Парамонов вскинул голову, побледнел:
— За рулем я езжу в линзах.
— Меня интересует только одно: после задержания никто не приезжал в участок спасать вас?
— Нет! Я был ни в чем не виноват! Я был трезв! Меня не надо было спасать!
— В тот день вы, действительно, не пили?
— Ни капли!
— А накануне?
— Тоже ни капли.
— Ой ли?
— Клянусь, ни капли! Я пью редко!
По тому, как Парамонов испуганно врал, Проскурин до конца понял — не он. Плохой человек, нечестный, пьяница, только к ЦРУ отношения не имеет, наверняка не имеет…
— Я уплатил им деньги, — тихо, с болью сказал Парамонов, — они там все взяточники и вымогатели, говорят, без очков нельзя…
— Сколько же вы им уплатили?
— Сто семьдесят пять. У меня было всего пятьдесят, я одолжил у друзей, и тогда полицейский порвал протокол медицинского осмотра…
— Вы не помните, как звали врача?
— Да разве до этого мне было?! Красивая женщина, тоже, кстати, в очках…
— И никто из иностранцев вам не предлагал помощь?
— Об этом-то я бы во всяком случае сказал. Поймите мое состояние! — взмолился Парамонов. — Остаться без прав в Африке — конец карьере!
— Чему конец?
— Работе, — поправился Парамонов, — я ж не успею никуда! А при тамошней жаре пешком не походишь! А концы громадные! Я бы подвел коллектив! Они ждали от меня оперативности: туда сгоняй, сюда успей!

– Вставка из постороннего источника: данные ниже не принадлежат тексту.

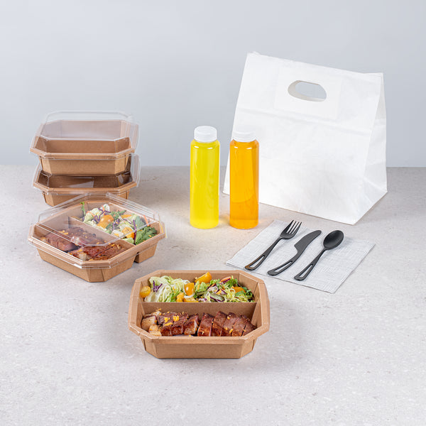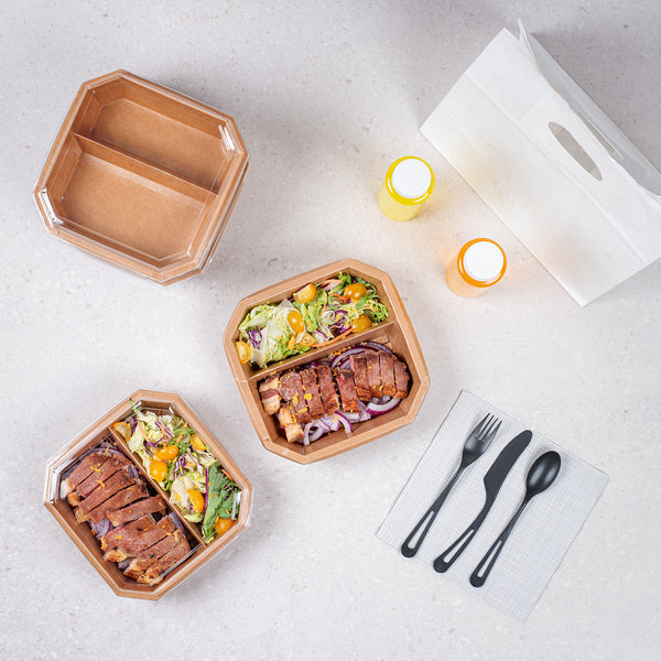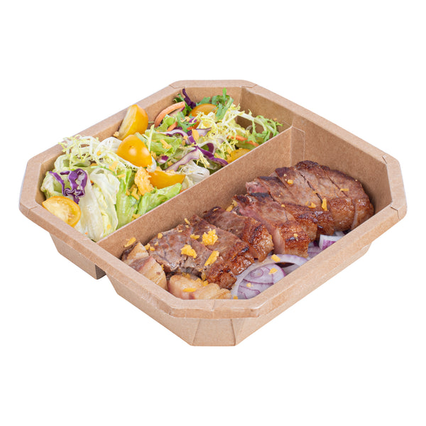41 OZ OCTAGONAL KRAFT PAPER TAKE OUT CONTAINER - 2 COMPARTMENTS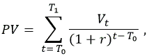 - значение величины, предусмотренной либо абзацем вторым, либо абзацем третьим, либо абзацем четвертым подпункта "а", либо подпунктом "б" пункта 2 настоящих Правил, в году t. В случае если осуществляется дисконтирование величины, указанной в абзаце четвертом подпункта "а" пункта 2 настоящих Правил, то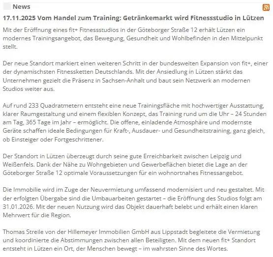 Thomas Streile von der Hillemeyer Immobilien GmbH aus Lippstadt begleitete die Vermietung und koordinierte die Abstimmungen zwischen allen Beteiligten. Mit dem neuen fit+ Standort entsteht in Lützen ein Ort, der Menschen bewegt – im wahrsten Sinne des Wortes.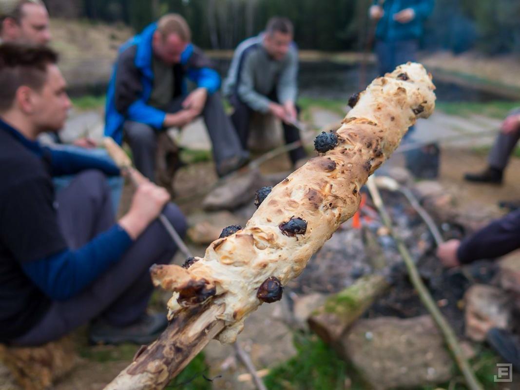 Teigstücke rösten über einem kleinen Feuer auf Stockspießen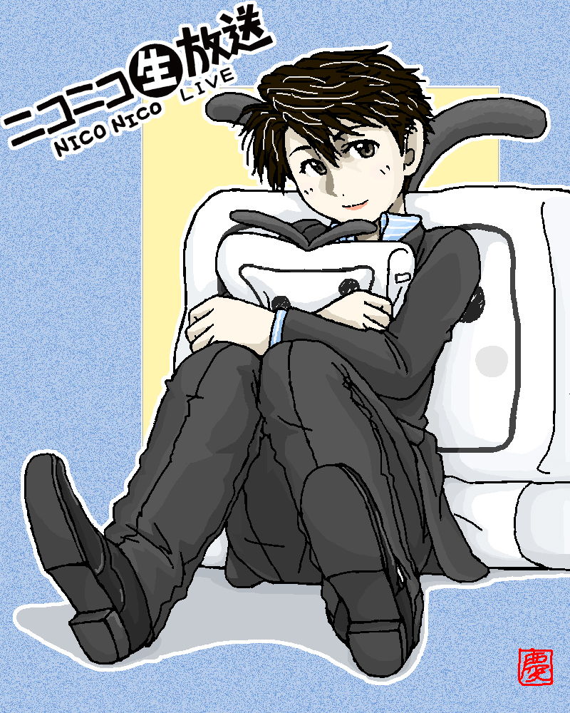 ニコ生なのでニコニコテレビちゃんを抱っこ。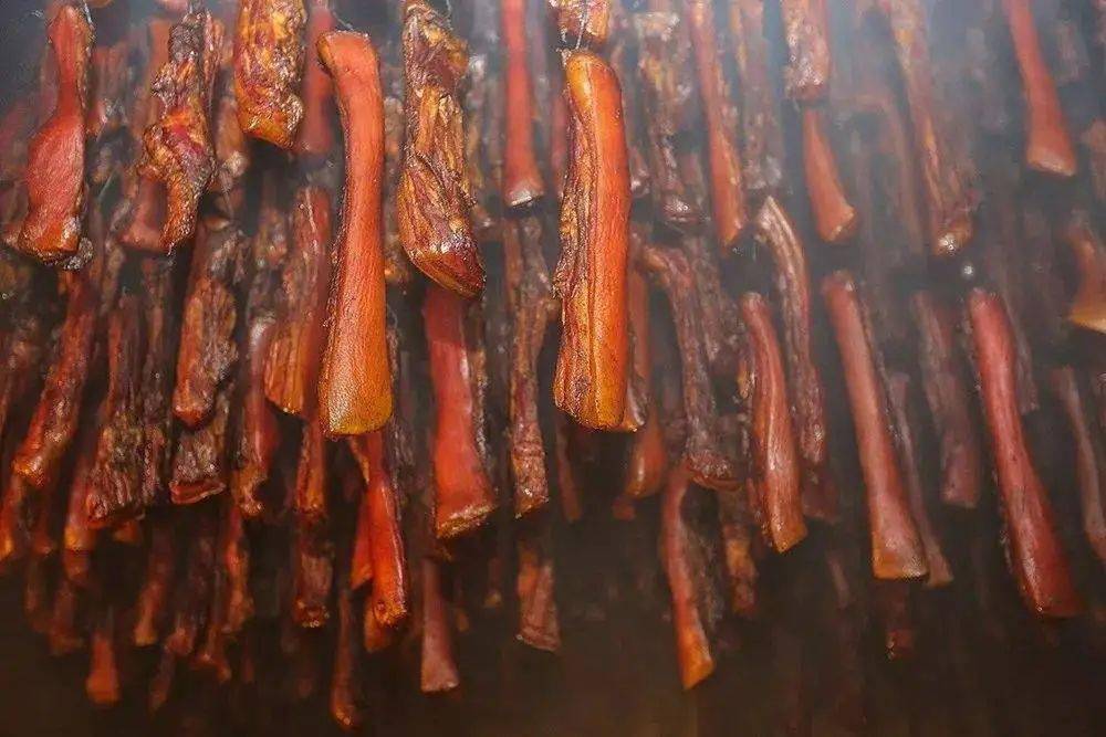 而且湘西腊肉必须要经过烟熏,暗火燃着茶壳、橘皮、松果、谷糠、柏叶等,一共要青烟袅袅地熏上七八天,再吊在民居里数个月,腊肉才能真正成型入味。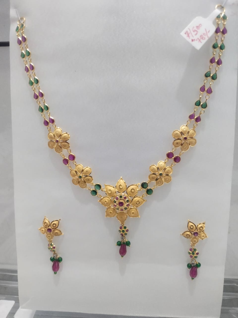 મધ્યમાં મોટી ફૂલાકાર પેન્ડન્ટ સાથે લટકતા રુબી બીડ્સ તેને વધુ રાજવી લુક આપે છે. ઇયરિંગ્સ પણ સેટની ડિઝાઇન સાથે સુસંગત છે, જેમાં નાજુક અને દળદાર કારીગરી દર્શાય છે.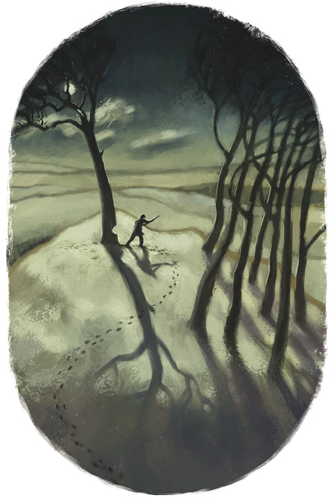 Понял тут Петр, откуда Лисавета его зовет и что ему делать надо. Взял топор, веревку и побежал в лес — в самый дальний бор на взгорье. Пробрался по талому снегу до самого высокого места и стал слушать. Вокруг лес под ветром шумит, ветками колышет, стволами трется, и каждое дерево скрипит по-своему: вот ясень, вот сосна, а вот ольха… Слышит тут Петр сквозь шум и скрип, будто голос женский его зовет. Пошел он на голос и видит — стоит над оврагом старая липа и качается. Только качается она не в лад со всеми деревьями, а по-своему, будто кто-то ее из-под земли толкает, будто хочет она корни из земли вырвать, взмахнуть тяжелыми ветвями и полететь в ночное небо.

— Более всего они, верно, ждали от вас честности. Мы навели справки, и вот что выяснилось: если бы вы рассказали все честно, наши юристы доказали бы луисбургским властям, что вы прошли нашу медицинскую комиссию и наша медицинская комиссия, входящая в международную конвенцию, позволила вам управлять автомобилем, таким образом, никто не имеет права предъявлять вам какие бы то ни было обвинения… Больше надобно уважать себя, а главное — то дело, которому служишь… А вы — взятку давали, абы карьера не кончилась.
— Вы сообщите обо всем в «Межсудремонт»? — совсем тихо спросил Парамонов.
— К сожалению, я не имею на это права, конституционного права, а то бы сообщил, наверняка сообщил.
— Здравствуйте, Андрей Андреевич.
— Здравствуйте, — ответил Зотов.
— Я бы хотел, чтобы вы помогли мне разобраться в здешней ситуации, я — Славин Виталий Всеволодович.
— Так это не ко мне.
— Все говорят, что вы лучше других чувствуете ситуацию — особенно в связи с Нагонией, наши поставки, их цикличность…
— Обо всем этом можно прочитать в наших отчетах. Только смысл… Пиши не пиши, воз вряд ли сдвинется.
— Почему?
— Да потому что глупим.
— Это умеем, — согласился Славин. — Только в данном случае хорошо бы уцепить главное звено: в чем глупим? Как поломать глупость? Положение в Нагонии заслуживает этого.
— Поломать очень просто. Портовые службы здесь нам задолжали пять миллионов. Ерунда, конечно, в сравнении с тем, что уходит на ветер, но по здешним масштабам — это деньги, а мы совестимся их потребовать, а коли не можете отдать, то хотя бы соблюдайте вежливость, обслуживайте наши суда, которые идут в Нагонию, пропускайте их первыми, не держите по трое суток на рейде. А мы миндальничаем, боимся, что нас неверно поймут, обидятся, а нас во всех здешних газетах поливают, как хотят…
— Боязнь обидеть — свидетельство силы, Андрей Андреевич, нет?
— Верно. Но каково нам будет смотреть друг другу в глаза, если задушат Нагонию? Из-за того в частности, что наши поставки идут с задержкой, а там тоже есть люди, которые умеют работать, которые уже сейчас говорят: «Русские много обещают, но не умеют сдерживать своих обещаний, график летит, мы горим из-за этого». Каково?
— Плохо. Куда как хуже.
— А мне здесь отвечают, что я — зануда и брюзга, а я не зануда, просто я чаще других езжу в порт, встречаюсь с разными людьми и убеждаюсь, что здесь решили: «Им можно сесть на шею».
— Вот вы мне и подскажите, как обо всем этом ловчей написать, ладно? У меня в два обед с одним приятелем, американский коллега, не видались с Нюрнберга…
— Дик?
— Да. Знакомы?
— Он приятель моего знакомца. По-моему, думающий газетчик, хотя обидно, спивается.
— Часа в четыре я за вами подъеду, ладно?
— Нет, в четыре я занят. Давайте-ка часов в девять.
— У меня?
— Вы где остановились?
— В «Хилтоне». Шестьсот седьмой помер.
— Шестой этаж?
— Да. Направо по коридору.
— Я знаю. Хорошо, в девять я к вам подъеду.